White ‘Ingratitude’ Worries Tutu

BBC News, May 1, 2006

Archbishop Desmond Tutu has said South Africa’s white community has not shown enough appreciation of the generosity shown to them by black South Africans.

Ex-President FW de Klerk said in turn that black citizens should be grateful to whites for surrendering power.

Archbishop Tutu headed the country’s Truth and Reconciliation Commission which began work in April 1996.

In an interview with BBC News, he said the commission failed to engage the white community sufficiently.

He also expressed concern about social inequalities and levels of poverty in South Africa.

‘Magnanimity’

Archbishop Tutu was an icon of the struggle against apartheid and led the Truth and Reconciliation Commission through the pain of the healing process in the 1990s.

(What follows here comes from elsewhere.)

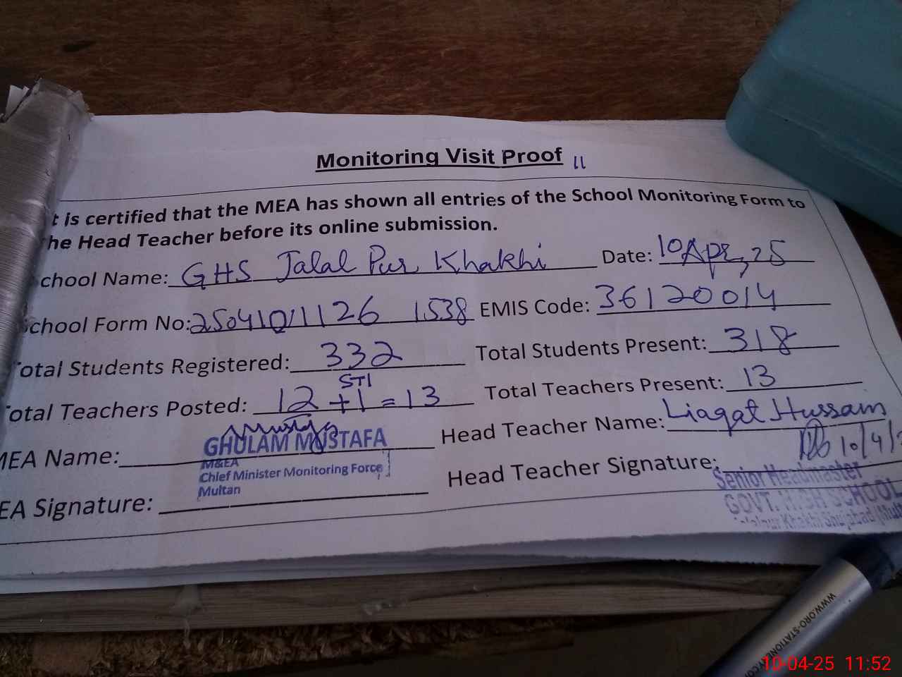 | Attendance Register | Head Teacher | MEA with School | Visit Proof |

He said that under apartheid, black South Africans were the main victims of a political system from which the whites benefited greatly.

“By and large, the white community does not seem to have shown an appreciation for the incredible magnanimity of those who were the major victims of a system from which they [the whites] benefited so much,” Archbishop Tutu told the BBC’s Peter Biles.

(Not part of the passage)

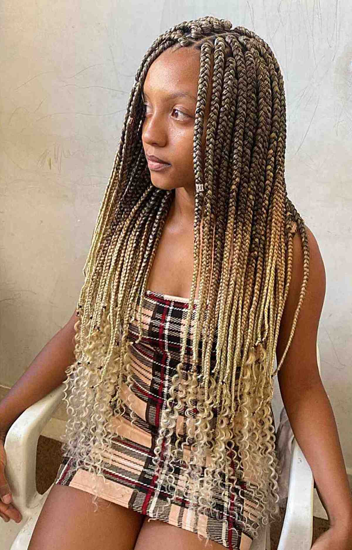 Explore golden long braids paired with a high bun for a chic look featuring knotless braids. Knotless styling offers a range of versatile options, allowing you to experiment with countless styles. Request your braider to tuck your natural hair during the installation process. Tucking will help maintain the style for a few months.

The archbishop expressed concern over instances of “demeaning” poverty in South Africa today.

“I have warned, and I am not the only one who has, that we are sitting on a powder keg,” he said.

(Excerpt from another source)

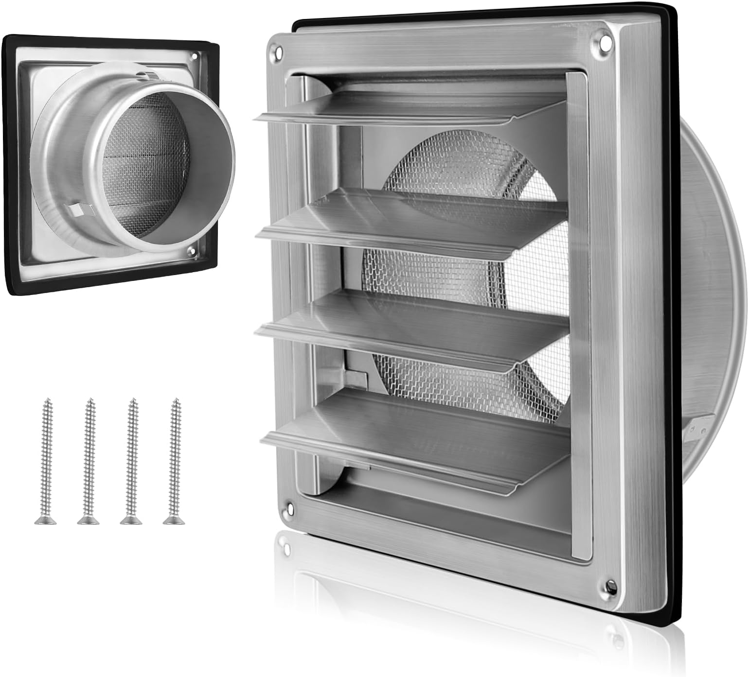 Lüftungsgitter 100mm Mit Insektenschutz - 304 Edelstahl & Rückstauklappe

“It is the obligation of all of us to be trying to do something about it.”

Sacrifices

On Sunday, Mr de Klerk admitted in an article in the Sunday Independent newspaper that white rule had been “morally indefensible”, but said whites had made sacrifices.

Mr de Klerk, who was president from 1989 to 1994, was South Africa’s last white head of state who opened the way to majority rule by releasing political prisoners and lifting the ban on the African National Congress and other organisations.

“Would it not be appropriate for black South Africans also to give more recognition to the contribution whites have made to the new South Africa?” he wrote in the Sunday Independent.

“It required considerable courage . . . to overcome their reasonable fears and put their trust in their erstwhile enemies,” Mr de Klerk wrote.

In another development, an apartheid-era general has released a report commissioned by Mr de Klerk on the involvement of the South African military in clandestine measures to destabilise the country in the early 1990s, the Sunday Independent reports.

The report by General Pierre Steyn is said to identify military and other figures who allegedly plotted violence aimed at hindering the transition to democracy.

‘Failing’

Ten years after the Truth Commission began its work, Archbishop Tutu said one of its failings was not being able to engage the white community sufficiently.

A major shortcoming was not persuading senior figures such as former president PW Botha to take part.

The government has indicated that it may, in the near future, prosecute certain individuals who were not granted amnesty by the Truth Commission.

Archbishop Tutu said his concern was that once again it might be the foot soldiers and not the big fish that were targeted.